● THE RECORDS:
>>>>>
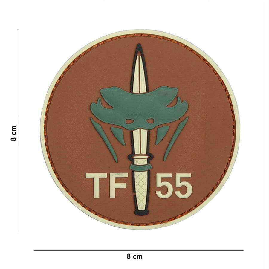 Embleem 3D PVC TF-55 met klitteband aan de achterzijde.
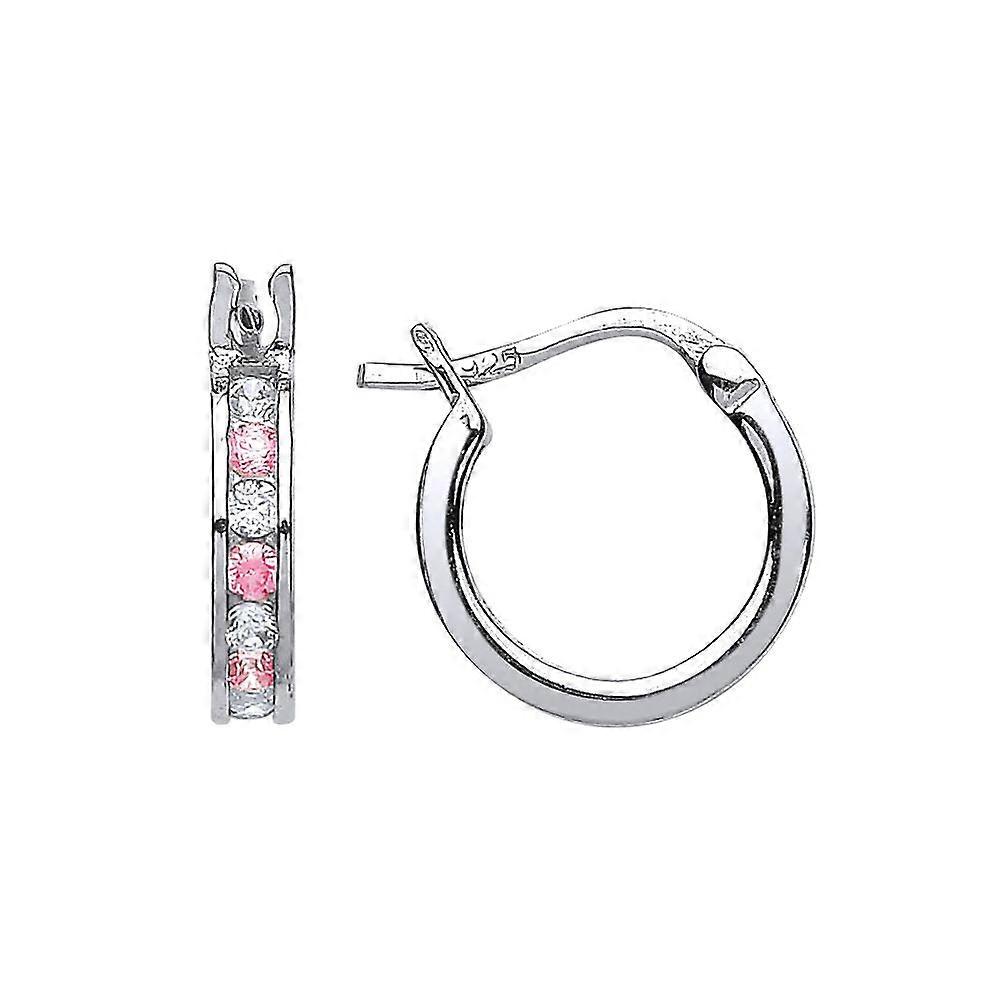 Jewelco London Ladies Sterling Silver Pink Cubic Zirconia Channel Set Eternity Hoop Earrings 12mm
<<<<<
>>>>>
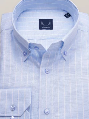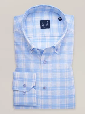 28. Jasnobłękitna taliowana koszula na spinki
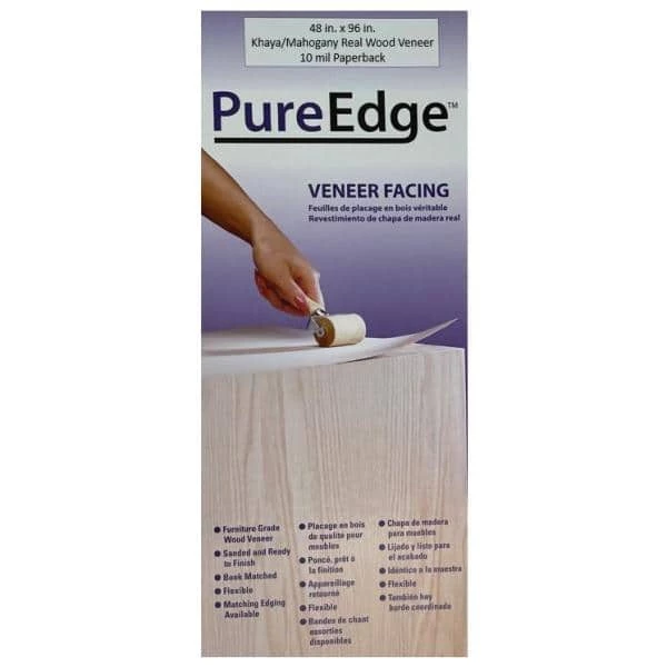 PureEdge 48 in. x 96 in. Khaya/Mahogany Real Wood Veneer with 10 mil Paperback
<<<<<
>>>>>
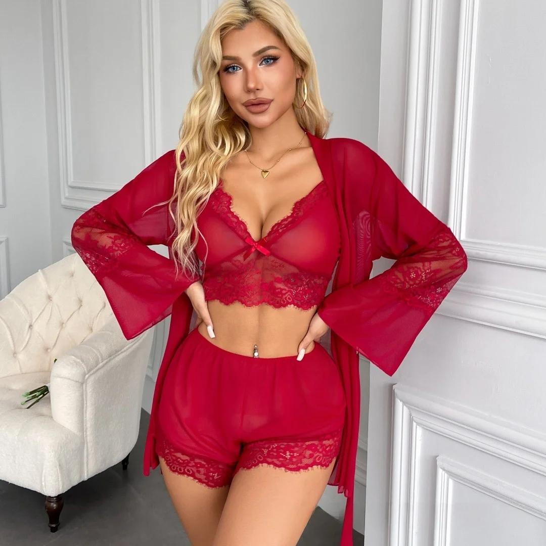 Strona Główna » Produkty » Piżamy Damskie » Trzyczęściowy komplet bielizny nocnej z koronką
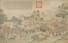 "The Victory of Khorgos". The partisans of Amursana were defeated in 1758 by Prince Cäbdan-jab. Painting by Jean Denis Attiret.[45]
<<<<<
Above are the records. Copy only the lines from the one with "28. Jasnobłękitna taliowana" through the one with "PureEdge 48 in.", exactly, with no pictures.

● RESULT OF THIS TASK:
 28. Jasnobłękitna taliowana koszula na spinki
 PureEdge 48 in. x 96 in. Khaya/Mahogany Real Wood Veneer with 10 mil Paperback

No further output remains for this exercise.